A new bill from Sen. Joni Ernst tries to cut through some of that by focusing on the mechanics with early-warning “tripwires” and stronger recovery requirements to claw back stolen taxpayer funds.
The proposal would tighten how federal child-care dollars are paid out, pushing states to reimburse providers based on documented attendance (not just enrollment) and emphasizing payment after services are delivered. It also adds record-keeping expectations so auditors can verify what actually happened. On the health-care side, the bill would require states to notify HHS when certain costs or billing volumes spike dramatically, an attempt to catch suspicious “surges” before they become billion-dollar disasters.
Those are needed guardrails. But the deeper lesson isn’t just catch and punish more fraud. Tripwires are an effective tactic for warfare but you don’t win a war against fraud with mines or booby traps alone.

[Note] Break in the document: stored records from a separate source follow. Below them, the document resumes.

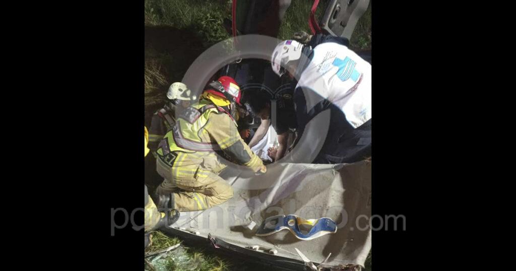 El vehículo siniestrado quedó volcado fuera de la cinta asfáltica. Las labores de rescate se extendieron durante varias horas, apoyadas por equipos especializados como herramientas hidráulicas de corte y expansión.
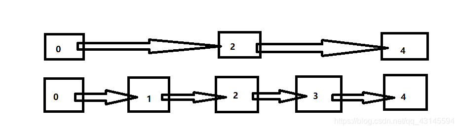 我们可以通过增加层数,提高搜索元素的效率。比如下图:当只存在单层链表时,如果我们要搜索元素4,我们必须对链表进行一层遍历至链表末尾才可以找到元素。当我们增加层数时(我们假设第一层与第二层的节点个数比值为1:2),我们只需要遍历一半的链表节点数,便可以找到该元素,如果继续增加层数时,我们遍历的链表节点数会更少。此时,通过对链表进行加层而构成的的数据结构,我们称为跳跃表。
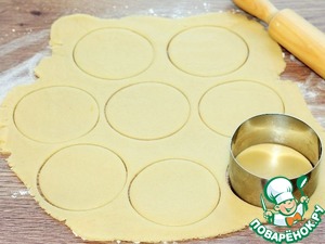 6. Припылить столешницу мукой и раскатать тесто в пласт, толщиной 4-5 см и вырезать кружочки Ф=8 см, 10 штук. Убираем кружочки в холодильник и для формовки достаем по одному.
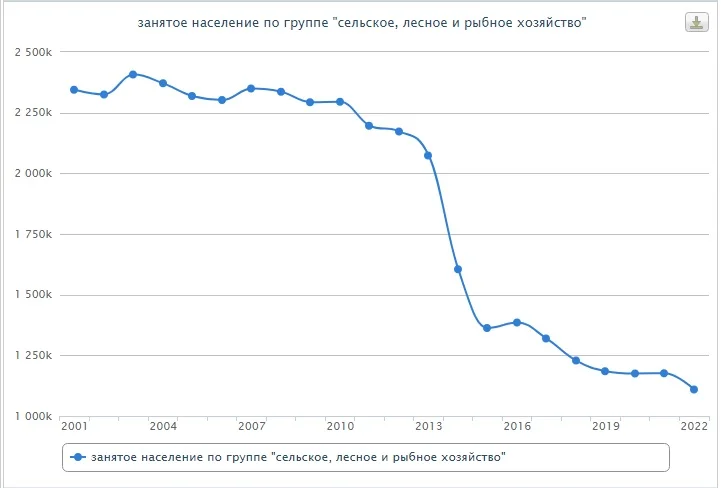 Например, количество занятого населения в сельском хозяйстве от года к году только падает. Между 2021 и 2022 годом разрыв составил почти 70 тысяч человек — масштаб небольшого казахстанского городка. Число наемных работников в группе группе «сельское, лесное и рыбное хозяйство» сократилось в 2022 году на 27,2 тысячи человек, а самозанятых — на 40,2 тысячи человек. Что можно толковать не иначе как — люди бегут из сельского хозяйства. Сомнительно, что эти человеческие ресурсы высвободились в результате технологической революции в АПК, учитывая последние данные о стремительном устаревании имеющегося у фермеров технического парка.
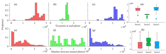 The histogram of tie-points quantity distribution in each photo from the three sorties: (a) Sortie-1, (b) sortie-2, and (c) sortie-3, (d) The notched box plot of the previous variable in the three sorties. The histogram of match quantity distribution in mutual photo pairs from the three sorties: (e) Sortie-1, (f) sortie-2, and (g) sortie-3, (h) The notched box plot of the previous variable in the three sorties. Note that the scale of the horizontal axis in the histogram plot is the same as that of vertical axis in the box plot in each row.
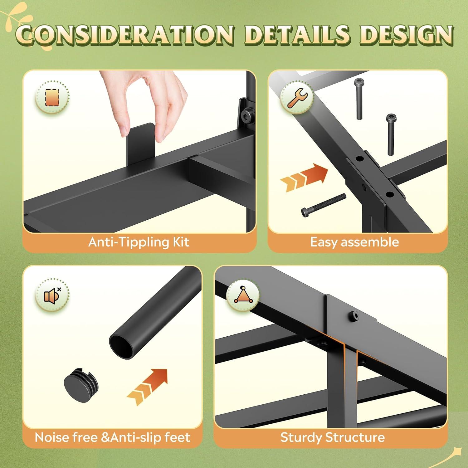 【✨ Sturdy and Safe】: This twin bed frames feature rounded corners, a smooth surface and 3M anti-slip pads on the legs to prevent the bed from sliding. The bed frame is made of 11 high-quality metals and sturdy steel legs, and can bear a load of up to 1500 pounds.

There is certainly a need for a lot more Congressional oversight in America today but program design matters, too. When money flows from taxpayers to Washington and back through complex pass-through structures, accountability can get blurry, and that creates an environment where the scammers thrive. A serious reform agenda should pair better detection and clawbacks with federalism-minded simplification: clearer responsibility, fewer middle layers, and more authority closer to outcomes, without sacrificing transparent audits and real consequences for abuse. In short, the best long-term solution is to push states to appropriate more dollars for their own programs without all the D.C. tentacles and control.
That Sen. Ernst’s bill to protect the federal taxpayer against fraud is likely considered partisan further highlights the dilemma to combating fraud in our political environment today. How do we get state lawmakers care more? Diffuse power and politics to the states. I guarantee Minnesotans are more apt to punish those in power and those that committed the fraud if they are on the hook for the majority of the costs.